### EXERCISE GOAL
Only the lines from the opening of the material through the line bearing "Pie de foto: Pizarrista" should be reproduced, exactly and without pictures.
⟨
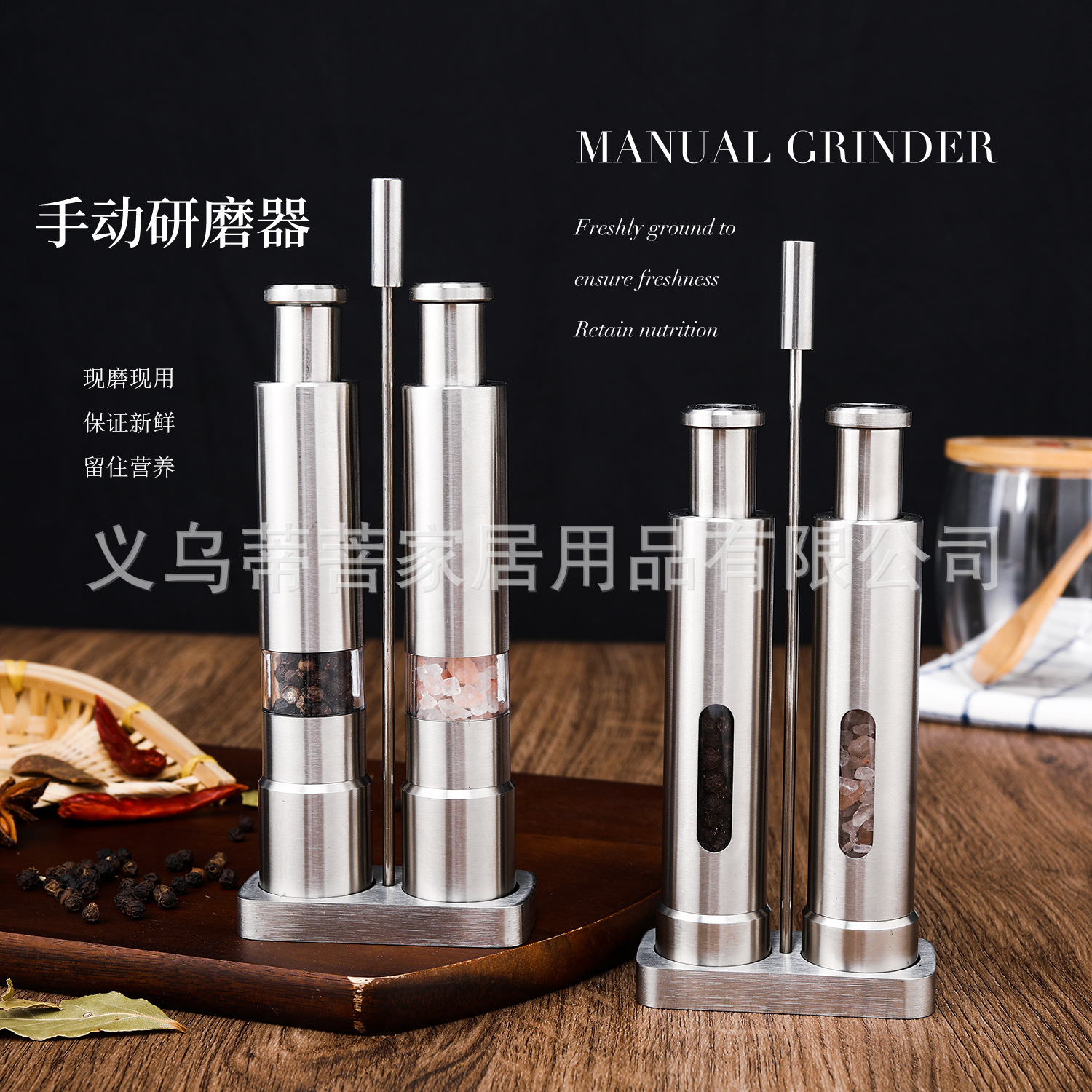 包装清单 亚马逊 手动研磨器 不锈钢按压研磨器 不锈钢套装胡椒磨 胡椒磨
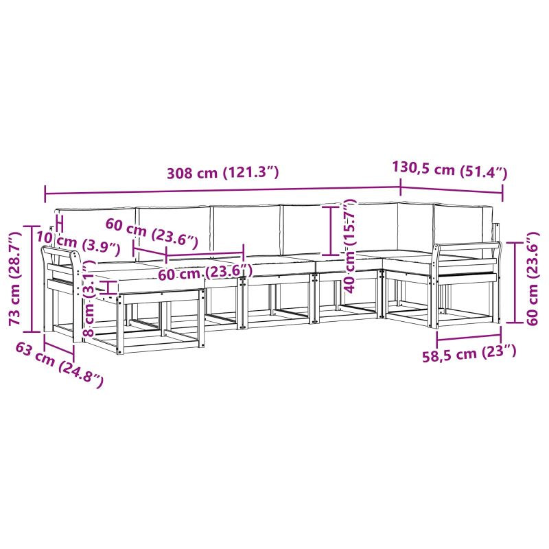 • 7 х възглавница за седалка: 60 x 60 x 8 см (Д x Ш x В)
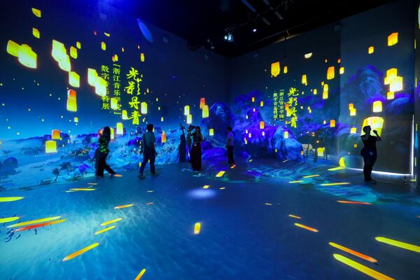同样位于8号馆的沉浸式声影交互展《光影丹青》,首创以虚拟现实引擎驱动空间投影技术,同时采用全新的空间音频智能处理技术和视、听、触多感官实时交互装置,使中国历代绘画在声、光、影中“活起来”,引领观众走进国风十足的画境空间。
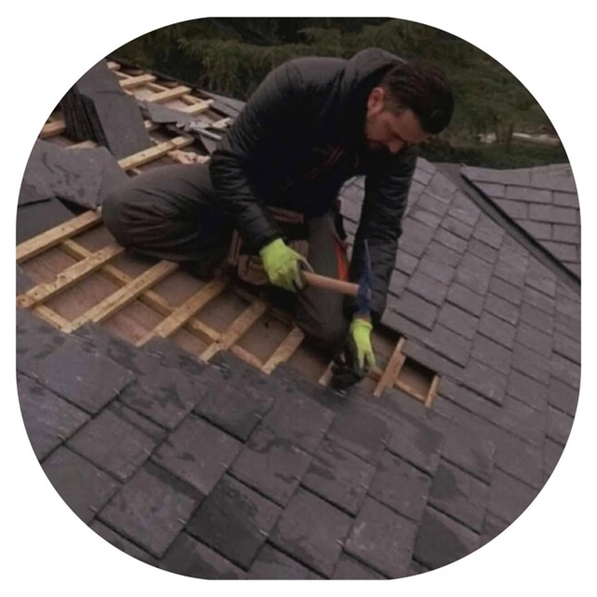 Pie de foto: Pizarrista reparando tejado Autor: TEJADOS DE PIZARRA ANDRES RAMOS
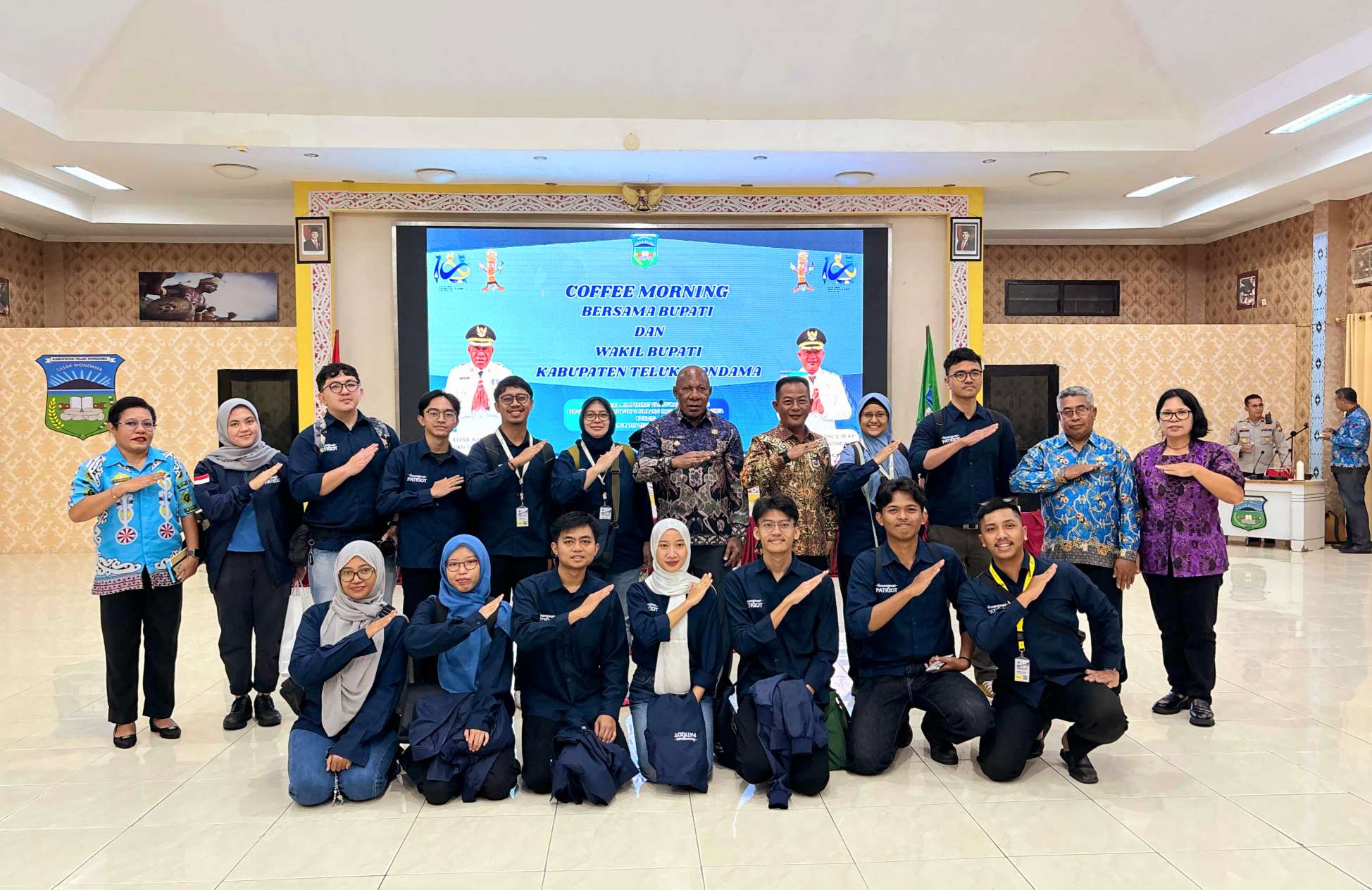 Bupati Elysa Auri bersama Wakil Bupati Anthonius Alex Marani bersama kepala suku serta jajaran Pemerintah Daerah menyambut langsung kedatangan Tim Ekspedisi Patriot dalam acara Coffee Morning di Gedung Sasana Karya, Kantor Bupati Teluk Wondama di Rasiei, baru-baru ini.
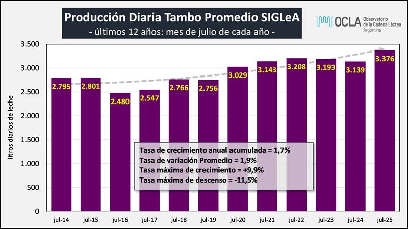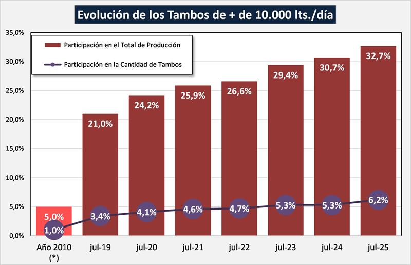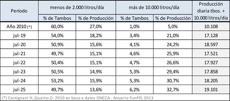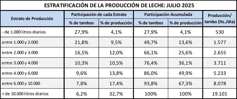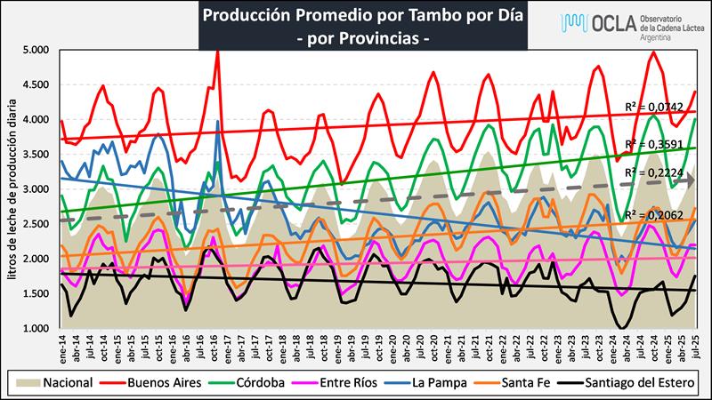 Estructura de la producción primaria – julio 2025 18/8/2025![]() Estratificación de Tambos En el cuadro se presenta la participación de los tambos en función a su tamaño medido en litros de leche diarios del mes de julio de 2025 sobre la base SIGLeA - LUME: ![]() Sobre la base de la estratificación de SIGLeA y la cantidad de tambos según el Tablero Dinámico de SENASA, se puede observarse que los 558 tambos del estrato de + de 10.000 litros de producción diaria, produjeron durante el mes de julio un promedio de 19.101 litros diarios, representaron el 6,2% del total de tambos y aportaron un 32,7% de la producción total. Esto es bastante más de lo que aportaron los 4.474 tambos de menos de 2.000 litros diarios y que fueron el 49,7% de los tambos totales, y que representaron el 13,6% de la producción nacional. ![]() Concentración en unidades productivas más grandes Puede verse en el cuadro siguiente al comparar con datos disponibles del año 2010, que en un extremo viene disminuyendo la participación tanto en cantidad de tambos como en el volumen de producción de las unidades productivas de menos de 2.000 litros diarios y en el otro extremo de la estratificación, se incrementa la participación de las unidades de más de 10.000 litros diarios. Entre 2010 y 2025 los tambos de menos de 2.000 litros de producción diaria venían reduciendo significativamente su importancia relativa en la producción de leche total y los tambos de más de 10.000 litros diarios de producción, multiplicaron por 6 su participación en la producción y la cantidad de tambos, a pesar del efecto de caída de la producción total que se dio en 2024. ![]() En una a representación gráfica se puede observar de forma más contundente el crecimiento en participación de los tambos de + de 10.000 litros diarios de producción de leche: ![]() Como mencionamos arriba, se están reduciendo la cantidad de tambos como lo venimos indicando desde el inicio de nuestras publicaciones, y en base a la información disponible podemos deducir que la mayor reducción no se da mayoritariamente en los tambos más chicos (con una característica mayor de producción familiar y ubicados muchos de ellos en cuencas no tradicionales), sino en aquellos que superaron un volumen de 2.000 litros diarios, pero no llegan a convertirse en tambos de mayor escala por diferentes motivos: sucesión familiar, superficie, acceso al financiamiento, incorporación de tecnologías de insumos y procesos, etc. Por su parte, en el gráfico siguientes se puede ver la distribución de los tambos por provincia en base a su tamaño, y se puede concluir que los tambos más grandes están principalmente en Buenos Aires, seguido por Córdoba y el resto de provincia se caracteriza por una prevalencia de tambos de menos de 3.000 litros diarios. ![]() El Tambo Promedio Mensual Sobre la base de la producción mensual y la cantidad de tambos que indica el Tablero Dinámico de SENASA, podemos inferir el tamaño del tambo promedio, unos 3.630 litros de leche diarios para julio de 2025, una producción superior al año anterior (+10,5%). En el período 2016-2025 el tambo promedio creció a una tasa del 4,94% anual, situación que se vio casi interrumpida en 2024 por diferentes factores, fundamentalmente por sequía y menos vacas en producción. ![]() La serie de cantidad anual de tambos y el tablero dinámico, ambos de SENASA, utilizados para los cálculos de la producción por tambo, es la única disponible y a pesar de conocer algunas falencias en el relevamiento de la información, el criterio se mantiene en el tiempo y nos permite evaluar la tendencia. En caso de existir una fuente de información mejor, obviamente no proveniente de estimaciones o supuestos, la incorporaremos en nuestro análisis. El Tambo Promedio SIGLeA – LUME, producción diaria al mes de julio de cada año: ![]() En el gráfico de arriba se compara la evolución del tambo promedio mensual que se publica con la información surgida del SIGLeA – LUME en el Tablero de Comando Sectorial 2° Parte. El Tambo Promedio por Provincia SIGLeA – LUME, producción diaria últimos 12 meses ![]() La producción promedio diaria por tambo y por provincia que graficamos aquí es la que arrojan los datos de SIGLeA – LUME y se toma el promedio de los últimos 12 meses (agosto/24 – julio/25). Los datos SIGLeA – LUME del último mes provienen de 7.576 liquidaciones, 377 industrias lácteas. Por último, en el gráfico de abajo se muestra la tendencia en la evolución del tambo promedio nacional y por provincia, donde hay provincias como Córdoba con una importante tendencia al crecimiento (mayo R cuadrado), en la producción de sus unidades productivas, seguida por Santa Fe y Buenos Aires, y luego el resto con una tendencia estable y un solo caso negativa. ![]() Todos estos gráficos y más en: https://www.ocla.org.ar/contents/newschart/portfolio/?categoryid=17 – elaborado por el OCLA sobre información de la DNL-SAGyP y SENASA
⟩
### SOLVED EXERCISE
 包装清单 亚马逊 手动研磨器 不锈钢按压研磨器 不锈钢套装胡椒磨 胡椒磨
 • 7 х възглавница за седалка: 60 x 60 x 8 см (Д x Ш x В)
同样位于8号馆的沉浸式声影交互展《光影丹青》,首创以虚拟现实引擎驱动空间投影技术,同时采用全新的空间音频智能处理技术和视、听、触多感官实时交互装置,使中国历代绘画在声、光、影中“活起来”,引领观众走进国风十足的画境空间。
 Pie de foto: Pizarrista reparando tejado Autor: TEJADOS DE PIZARRA ANDRES RAMOS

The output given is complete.